France is famous for producing wonderful wine, cheese, pastries, and now, apparently, children. American journalist and mother of three Pamela Druckerman lives in Paris and brought the wonders of French child-rearing and authoritative parenting to the rest of the world with her book Bringing Up Bébé. Adopting the Cry It Out sleep method, learning to play alone, and using a firm ‘NO’ all help to strengthen children’s boundaries and train their patience.

French and US parenting methods are wildly different according to Druckerman. To start, there are no separate kids’ menus in France. Children eat the same large range of food as their parents and stick to set meal times. So, if a child wants a cookie, they have to wait to eat it in the designated snack time. As well as not indulging their child’s every whim, French parents don’t abandon their own needs: sex is not seen as an occasional treat but as a basic necessity, and it’s totally acceptable to have child-free vacations.
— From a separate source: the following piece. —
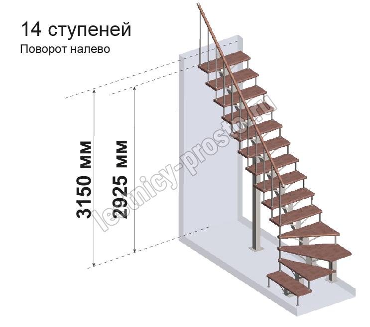 Комплект для Г-образной лестницы MONO h3137.5 из 14 ступеней.
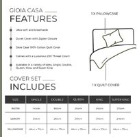 - Quilt Cover: 245 x 210 cm

Why do some people favor authoritative parenting methods over more lenient ones? Of course, having an obedient child means that parents will have an easier time but it’s about more than that. Many people believe that teaching children self-control helps them to grow into well-adjusted adults.

Attachment Parenting

British psychoanalyst and father of attachment theory, John Bowlby, (1907-1990) defined attachment as ‘lasting psychological connectedness between human beings.’ Bowlby studied orphans in the mid-20th century. From his research he developed the theory that the attachment bond between a mother and child greatly influences the child’s psychological development and relationships they form in later life.

In the 1970s, Jean Liedloff took attachment parenting a step further with her studies of children in the South American jungle. These kids were carried more, and cried less than western children. Liedloff hypothesized that ‘American parents had become divorced from their natural instincts’ and so she developed The Continuum Concept in 1975 to try and get us back on track.

Heralded as ‘the man who remade motherhood,’ Dr. Bill Sears has re-popularized attachment parenting, building his mass following on the basic principle that ‘babies that are cuddled feel secure.’ Sears champions co-sleeping, breastfeeding, and baby-wearing. He also encourages parents to toss out strollers, bottles, and cribs which he believes ‘put infants behind bars’. According to Hoffmann, Cooper, and Powell in Raising A Secure Child, our ability to be functional adults relies on our early experience of attachment: ‘From birth through old age, our ability to act with a sense of autonomy is directly related to our capacity for connectedness.’

Treat parenting like a relationship, not a job

Having a committed, loving caregiver has a huge influence on how a child will develop. But for all the fuss about parenting styles, there is no empirical evidence to suggest that parenting techniques make any real difference to a child’s development.

Alison Gopnik assures that there’s no need to fret over forward- or backward-facing strollers, or whether you choose formula or breastfeeding, because finding the ‘best’ way isn’t what being a parent is about. It’s about helping kids grow by letting them find out for themselves who they are. So, if Sophie and I qualified our protest cries to: ‘don’t always tell me exactly what to do!’, we’d probably be right.